# Anyone ever do "online" school?



## PNWKatie (Aug 4, 2012)

I'm considering trying it out for this year and see if we like it. I was just wondering if anyone here had ever done an online school for their kids. If so, did you like it? pro's/con's?


----------



## mekasmom (Jan 19, 2010)

Do you mean the K12 stuff. That is a public school option. If that is ok with you, then great. I have heard many people who use it and like it.

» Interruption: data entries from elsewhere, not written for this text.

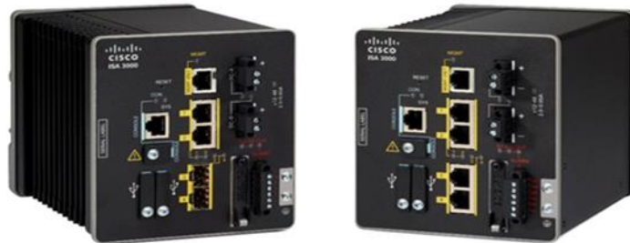
Table 5: ISA 3000 models
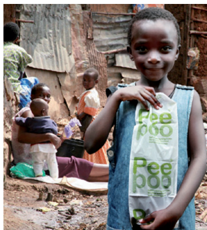
The Peepoo biodegradable bag captures human excreta and can be used as fertilizer.

Together, these measures would help to cut phosphorus-containing waste, enhancing food security while also reducing the polluting effects of phosphorus run-off. But the gaping institutional vacuum for phosphorus
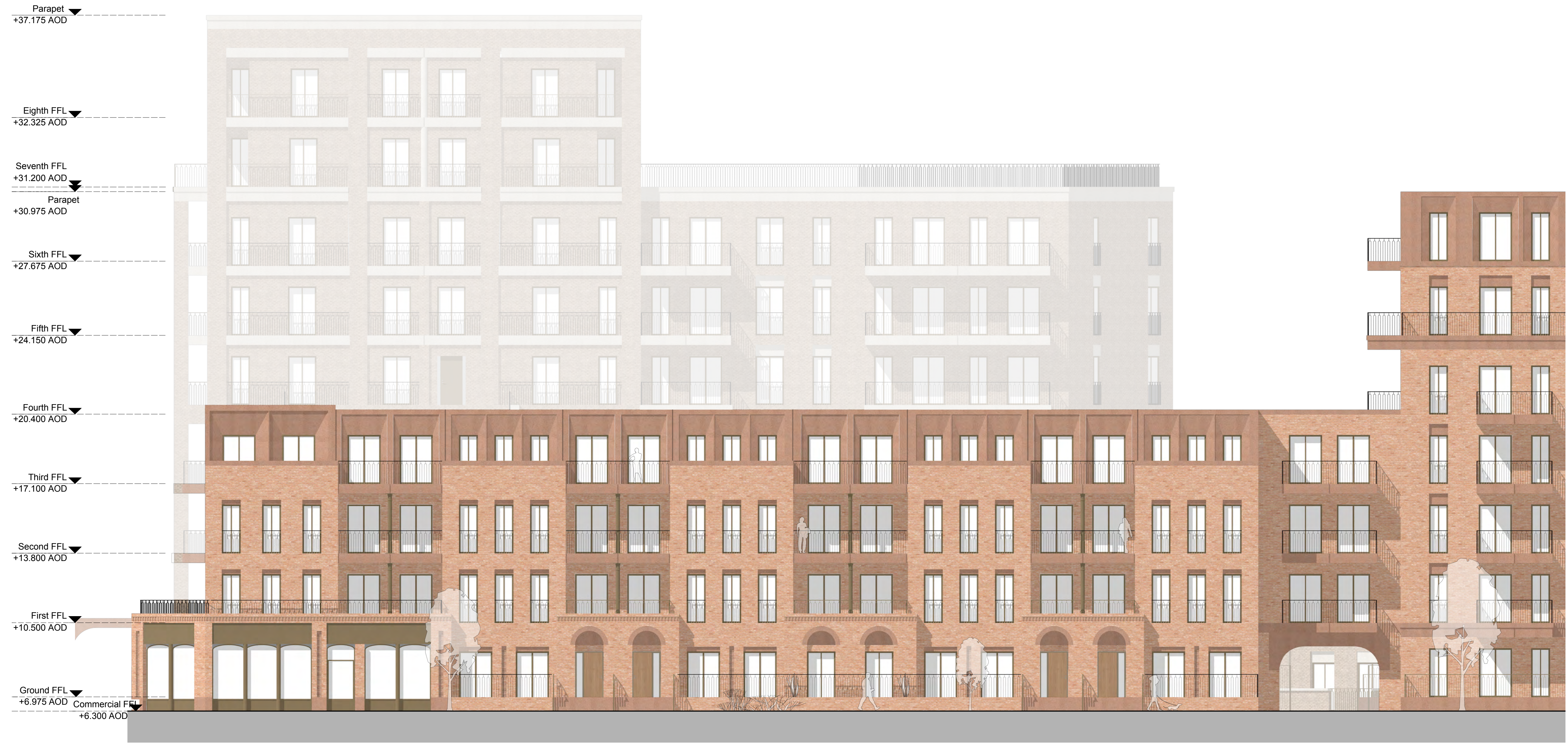
2 Block A East Elevation Scale: 1:100

Assael Architecture Limited 123 Upper Richmond Road London SW15 2TL +44 (0)20 7736 7744 info@assael.co.uk www.assael.co.uk
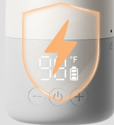
Image: The portable milk warmer connected to a Type-C charging cable, illustrating the charging process.
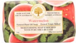
Watermelon Soap Bar
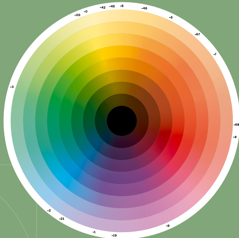
The IGORA ZERO AMM Colour Wheel

All IGORA ZERO AMM formulas are specially designed to be used with IGORA ROYAL Oil Developer or IGORA VIBRANCE Activator Gel/Lotion.
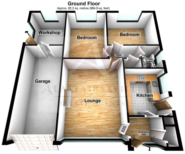
Total area: approx. 82.2 sq. metres (884.9 sq. feet) AEA (Aughton energy Jasseson) provide this Floor Plan as a guide to the overall dimensions of the property. Dimensions are approximate and to the provided are guide. Plan produced using Planty.
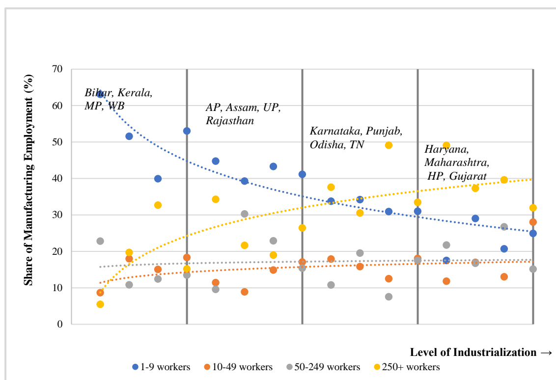
Figure 3: Differences in Employment Distribution by Enterprise Size in Manufacturing Sector Across States (2015-16)

Source: Author's calculations from plant level data of ASI and NSS Unincorporated Enterprise Surveys (2015-16) and RBI's Handbook of Statistics on Indian Economy
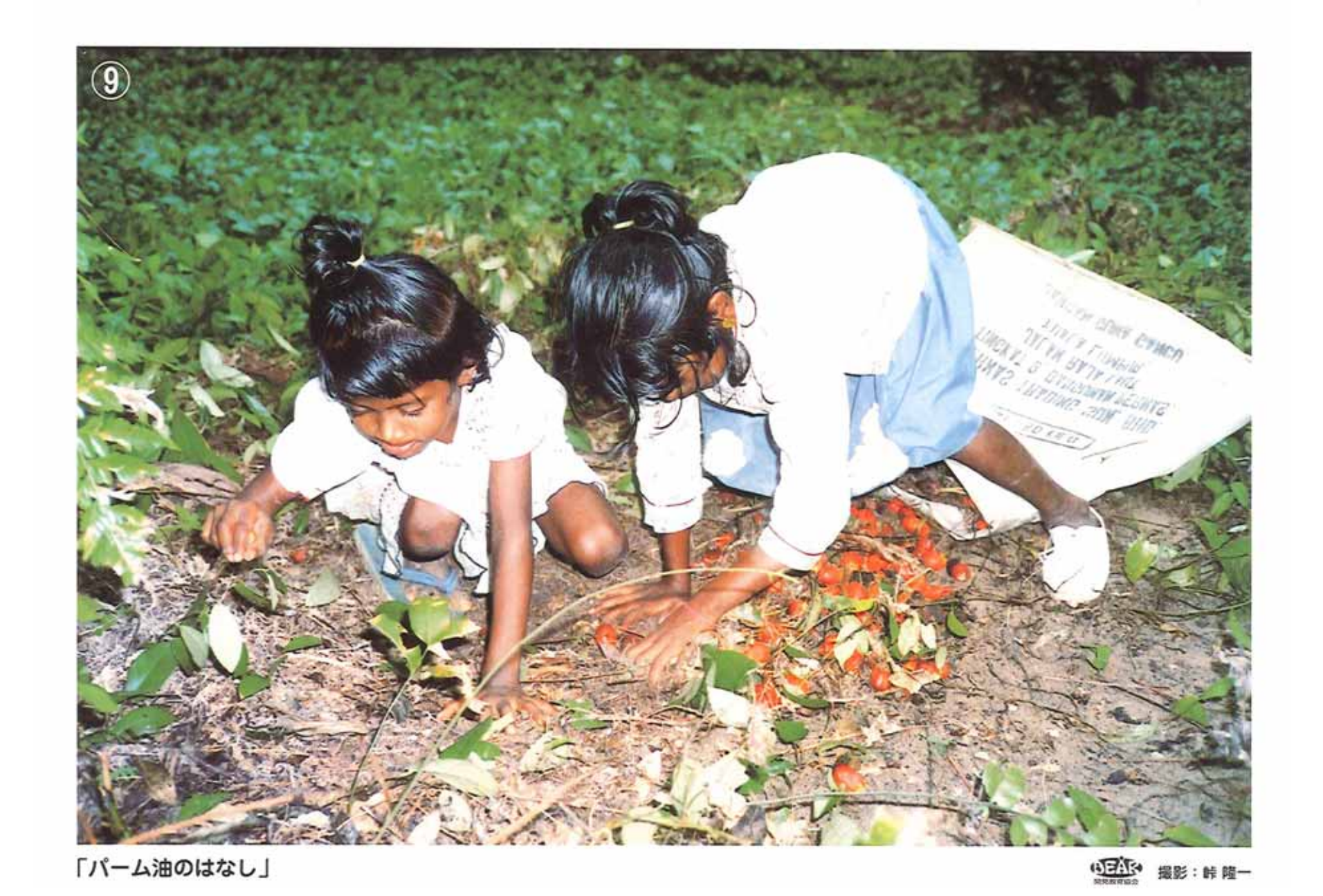
C ESDRC & DEAR Photo by Ryuichi TOGE

As far as college, I have had three children take college courses online. They all did well.


----------



## PNWKatie (Aug 4, 2012)

Sorry, should have specified. My oldest daughter is just entering Kindergarten. I homeschooled last year for part of kindergarten and I was/am considering doing a connections academy in our state. I kind of figured I'd see what the state does, and then supplement with homeschool stuff as I'm not to sure about the quality of the state public system even online, although they do use some of the same textbooks I have been using so I'll wait and hold judgement. I figure I can go back to complete homeschooling if I don't like their program at all.


----------



## cindy-e (Feb 14, 2008)

I haven't used that specific one but I have heard good things about it.


----------



## jcatblum (Dec 15, 2009)

My girls hated doing all their school work on the computer. They don't mind doing one subject but whine & complained the yr we did computer based school. They were ok with 1 subject on the computer, but not when it was the majority of their course load. Each child is different so is each family. 
Good luck on choosing a curriculum that works well for your family. Good curriculum makes your job easier & the experience more enjoyable!


----------



## PNWKatie (Aug 4, 2012)

Thanks for the input! Both of my girls enjoy doing things on the computer so I'm hoping that will help and at this age they said that a lot of it will be in textbooks/workbooks as well as online (about 30% online and 70% the "old fashioned way" LOL).


----------



## siberian (Aug 23, 2011)

I think Connections has a nice setup. They increase the computer use as the children get older. Ecott, has some good teachers. Drawbacks are,computer games the kids can play while they should be paying attention, quality of work accepted, few other minor ones. Personally I believe much of it depends on having a responsible person at home checking in daily, and watching the work handed in.


----------



## Dutchie (Mar 14, 2003)

My granddaughter is going to do that this year because the three school districts she could go to are overloaded and have no room for her.

We'll see how it goes.


----------



## PNWKatie (Aug 4, 2012)

Dutchie - That's kind of why I'm doing it. My son just graduated from High school here and the rooms were really overcrowded, classes had been cut so instead of having upper and lower level classes they were having to open up every class to all students just to find enough classes for everyone to be able to get enough credits for their respective school year. I know it's not THAT bad (yet) in the grade school, but I'd like a bit of a better education than being able to stand in line and raise your hand.


----------



## AJohnston (Aug 17, 2012)

I went through the K12 program for most of my middle school year (6-8). It's not a bad program, I actually really enjoyed it. However, the expense that my parents went through was what was so difficult. Also, keeping your kids motivated enough to do their work and not slack off is a big deal. Being at home, stuck on a computer, doing your work is a difficult thing. Especially when their is temptation to be doing something else (like walking the fields or riding the horses.) Sitting down and working with your kids is generally a good way to go. So make sure you have that time available. My parents didn't. Which is why I ended up back in public schools and ended up falling off the bandwagon. Luckily, I'm movitivated enough to get my GED and go to College. Not all kids are.


----------



## PNWKatie (Aug 4, 2012)

AJohnston said:


> I went through the K12 program for most of my middle school year (6-8). It's not a bad program, I actually really enjoyed it. However, the expense that my parents went through was what was so difficult. Also, keeping your kids motivated enough to do their work and not slack off is a big deal. Being at home, stuck on a computer, doing your work is a difficult thing. Especially when their is temptation to be doing something else (like walking the fields or riding the horses.) Sitting down and working with your kids is generally a good way to go. So make sure you have that time available. My parents didn't. Which is why I ended up back in public schools and ended up falling off the bandwagon. Luckily, I'm movitivated enough to get my GED and go to College. Not all kids are.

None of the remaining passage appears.